Критики недоуменно помалкивали и как будто не хотели вспоминать, что масштаб вообще и в искусстве в частности — величина относительная, зависящая от угла зрения художника.
Ведь можно озирать людей и событие с высоты птичьего полета, а можно — просто прошагать рядом с героем от трамвайной остановки до его дома. И в том и в другом случае написать об увиденном роман, снять многосерийный кинофильм. И оба угла зрения так же правомерны, как одинаково необходимы в обиходе и карты полушарий и карты-двухверстки.
В «двухверстке» человеческого характера глубже всего и проявляется то лукавство, которое характерно для Мельникова-художника. Ибо значительное видится через малое, и малое приобретает значение большого. А в парадоксальном столкновении этих, казалось бы, несоединимых величин рождается многомерность, стереоскопия характеров, неоднозначность авторской мысля — приметы живого искусства.
Не от такой ли режиссерской пристальности к характерам, к тончайшим движениям души Мельников, начавший, как было сказано выше, с четвероногих «артистов», вырос в режиссера подлинно актерского!
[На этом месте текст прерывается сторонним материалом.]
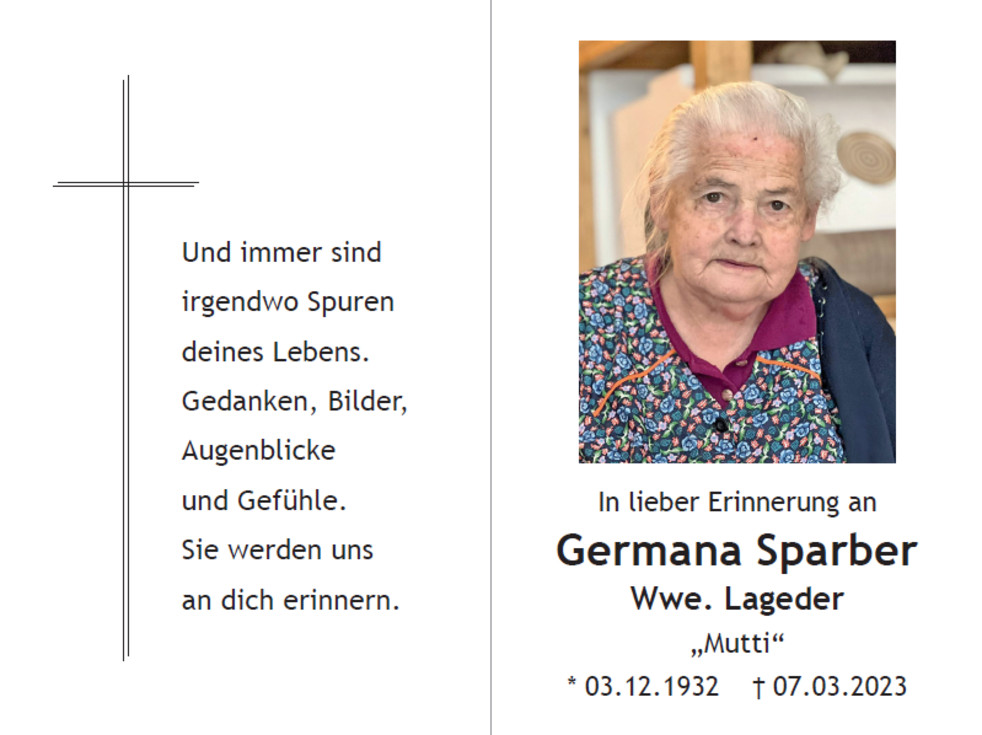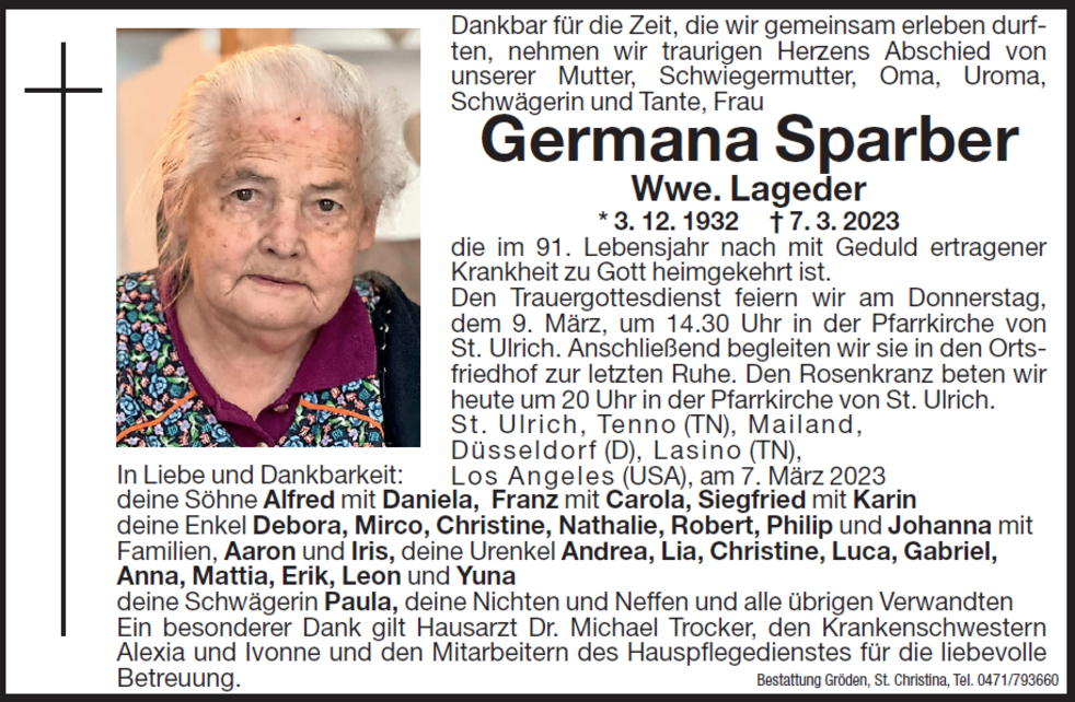 Den Trauergottesdienst feiern wir am Donnerstag, dem 09. März, um 14.30 Uhr in der Pfarrkirche von St. Ulrich. Anschließend begleiten wir sie in den Ortsfriedhof zur letzten Ruhe.

Ведь сколько в его активе счастливых открытий: с «Начальника Чукотки» всерьез заявил о себе Михаил Кононов, с «Семи невест» — Семен Морозов и Елена Соловей, со «Здравствуй и прощай» начала отсчет удачам Людмила Зайцева. А в следующем фильме Мельникова в роли любимой жены Федора, сыгранного, кстати, свежо и по-новому Станиславом Любшиным, снялась Алла Мещерякова.
Об этом фильме хочу сказать особо.
И не потому, что он мне нравится больше других (хотя именно «Ксения» растопила настороженность ревнителей чистого жанра).
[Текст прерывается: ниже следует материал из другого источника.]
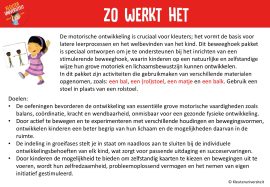 Dit beweeghoek pakket is speciaal ontworpen om je te ondersteunen bij het inrichten van een stimulerende beweeghoek, waarin kinderen op een natuurlijke en zelfstandige wijze hun grove motoriek en lichaamsbewustzijn kunnen ontwikkelen. In dit pakket zijn 60 activiteiten die gebruikmaken van verschillende materialen opgenomen, zoals: een bal, een (rol)stoel, een matje en een balk. Er zijn nog twee pakketten beschikbaar: pakket 1 maakt gebruik van activiteiten die staand worden uitgevoerd en pakket 2 maakt gebruik van activiteiten die zittend en liggend kunnen worden uitgevoerd.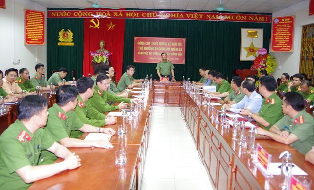 Phát biểu tại buổi làm việc, Thứ trưởng Lê Tấn Tới đánh giá cao, ghi nhận và biểu dương những kết quả, thành tích mà Công an hai huyện Đồng Văn và Mèo Vạc đã đạt được trong thời gian qua. Đồng chí nhấn mạnh: trong thời gian tới, các đơn vị tiếp tục nắm chắc tình hình, tham mưu kịp thời cho cấp ủy, chính quyền địa phương trong công tác đảm bảo ANTT gắn với phát triển kinh tế; luôn chủ động trong mọi tình huống; đối với lực lượng Công an xã chính quy phải luôn bám dân, gần dân, sát dân và hiểu dân hơn nữa; lãnh đạo Công an huyện phải quan tâm một cách toàn diện đối với lực lượng Công an xã; giữ gìn và phát huy truyền thống đơn vị Anh hùng lực lượng vũ trang nhân dân, đoàn kết toàn diện, đảm bảo an ninh du lịch, cán bộ chiến sĩ nghiêm túc chấp hành điều lệnh, mệnh lệnh, hoàn thành tốt mọi nhiệm vụ được giao.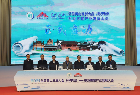 传承徽派文脉,产城融合发展。12月12日,2025创意黄山发展大会(休宁县)——徽派古建产业发展大会在我县东临溪镇黄山润一生态园隆重开幕。副市长程寄县,住建部原总规划师、中国城市规划协会会长唐凯,住建部中国建筑文化中心副主任李剑,住建部历史文化保护处处长胡敏,安徽省住建厅党组成员、副厅长赵新泽,北京建筑大学党委副书记、校长张大玉,县委书记、县长唐进,市住房和城乡建设局党组书记、局长张凡出席并共同启动2025创意黄山发展大会(休宁县)——徽派古建产业发展大会。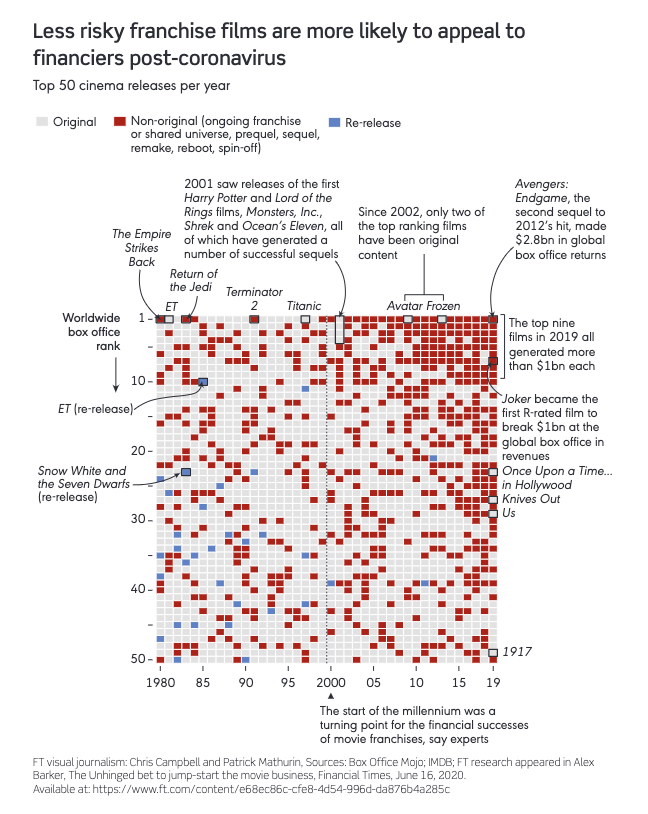 這張圖表來自 《Financial Times》,主題是 "Less risky franchise films are more likely to appeal to financiers post-coronavirus",解釋了在電影產業中,原創電影與**非原創(續集、重啟、衍生作品等)**電影在全球票房中的表現。圖表按年份和票房排名展示了每年發行的前 50 部電影。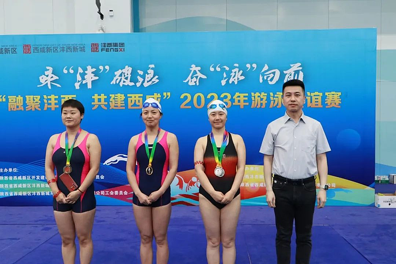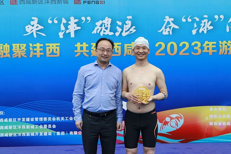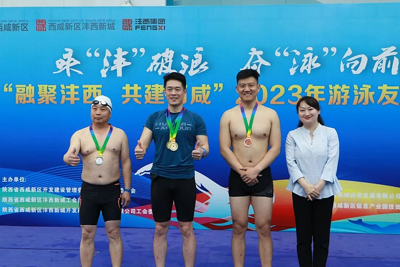 4月14日,由西咸新區機關工會、灃西新城工會及灃西集團工會共同舉辦的“融聚灃西 共建西咸”2023年游泳友誼賽在灃西新城綠色零碳游泳中心舉行。西咸新區組織人事部副部長于春輝、黨群工作部副部長王文濤,灃西新城工會副主席李濤,灃西集團紀委書記、工會主席曾志勇出席活動。

В жизни каждый день происходит множество больших и малых событий. Но минует время, и события постепенно стираются из памяти, забывается их сиюминутная значительность. И остаются люди.
Я дважды смотрел фильм «Ксения, любимая жена Федора», снятый по сценарию Александра Гельмана и Татьяны Калецкой. Но сейчас довольно плохо помню, что там происходит по сюжету.
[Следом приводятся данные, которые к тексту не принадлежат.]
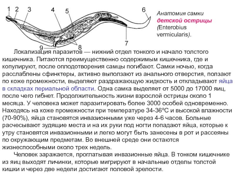 где и копулируют, после оплодотворения самцы погибают. Самки ночью, когда расслаблены сфинктеры, активно выползают из анального отверстия, ползают по коже промежности, выделяют раздражающую жидкость и откладывают яйца в складках периальной области. Одна самка выделяет от 5000 до 17000 яиц, после чего гибнет. Продолжительность жизни взрослой острицы около 1 месяца. У человека может паразитировать более 3000 особей одновременно. Находясь на коже промежности при температуре 34-36ºС и высокой влажности (70-90%), яйца становятся инвазионными уже через 4-6 часов. Больные расчесывают зудящие места и на их руки под ногти попадают яйца, которые к утру становятся инвазионными и легко могут быть занесены в рот и рассеяны по окружающим предметам. Во внешней среде они остаются жизнеспособными около трех недель.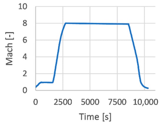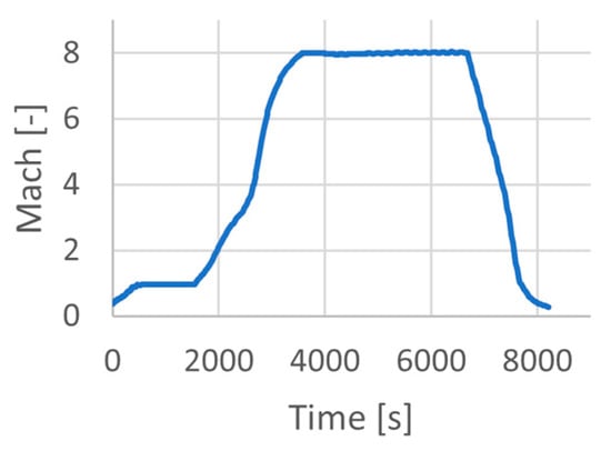 The Mach and altitude profiles are reported in Figure 16 and Figure 17. The vehicle performs the hypersonic cruise at M = 8 and an altitude that varies from 31 to 36.8 km. The latter altitude is higher than the 35 km maximum altitude of the reference mission profile and this is mainly due to the higher lift coefficient during the climb phase. The total mission time is equal to 2 h 52 m (10,300 s).
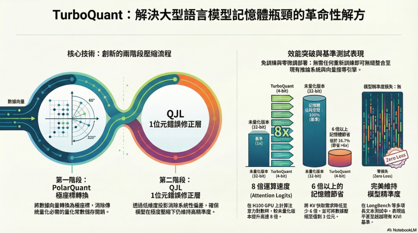 外媒報導,Google 研究團隊於日前正式發表了一項名為「TurboQuant」的全新免訓練(training-free)壓縮演算法。這項革命性的技術能夠將大型語言模型的鍵值快取(KV caches)大幅壓縮至僅剩 3 位元(3 bits),且過程完全不會造成模型準確度的損失。

Нет, помню, конечно: там есть самосвалы, мчащиеся по степи, есть смешная сцена в ресторане, есть сложный производственный конфликт вокруг каких-то труб. Но в памяти возникают фрагменты, не выстраиваясь в целостную картину. Вероятно, дело в том, что герои картины перерастают сюжет, заслоняют его собою. Я помню начальника участка Сидорова — мрачноватого, деловитого и в то же время трогательно-нежного и застенчивого в отношениях с «легкотрудницей», свалившейся на его голову и прибавившей лишних забот. Помню Федора, всеми силами старающегося утвердить свой приоритет в семье и всегда проигрывающего, потому что душевной тонкости не хватает. И помню Ксению, такую невзрачную, но прекрасную в приближающемся материнстве и оттого мудрую, как может быть мудрой женщина, услышавшая в себе мать.
Я не знаю, могут ли быть характеры вне сюжета. По науке нет, а вот в картине про Ксению и Федора — выходит, что да. Они сильнее сюжета и выше его.
И еще одно мне дорого в этом фильме — его мягкий лиризм.
Лиризм вообще свойствен картинам Мельникова. Но он у него своеобразный — сдержанный, немногословный. Он, как музыка в его фильмах: ее мало, ее вроде бы и нет, но вот она вдруг прорывается широкой лирической темой и, словно застыдившись самой себя, пропадает, смешиваясь с грохотом какого-нибудь угрюмого грузовика.
А как неожиданно лиричен толстяк-музыкант Сарафанов (Евгении Леонов) — героя последней картины Мельникова «Старший сын» по пьесе Александре Вампилова! О картине много писали, и нет нужды повторять недавно сказанные хвалебные слова. Я смотрел этот фильм, мастерски со-тканный из забавных ситуаций и совсем не забавных выводов, — фильм, исполненный тепла и доброты к его немного чудаковатым, но прекрасным в своей человечности героям, и думал: наверное, оттого, что герои Мельникова так близки людям, его картины подолгу не сходят с экранов. Порой они пропадают в кинематографическом море, но неизбежно, как упрямые кораблики, возникают среди волн то здесь, то там.
Я смотрел этот фильм и думал: вот так успех и благодарное признание вознаграждают художника за терпеливую верность теме и самому себе.
Валуцкий В. Постоянство пристрастий // Советский экран. 1977. № 5. С. 18-19.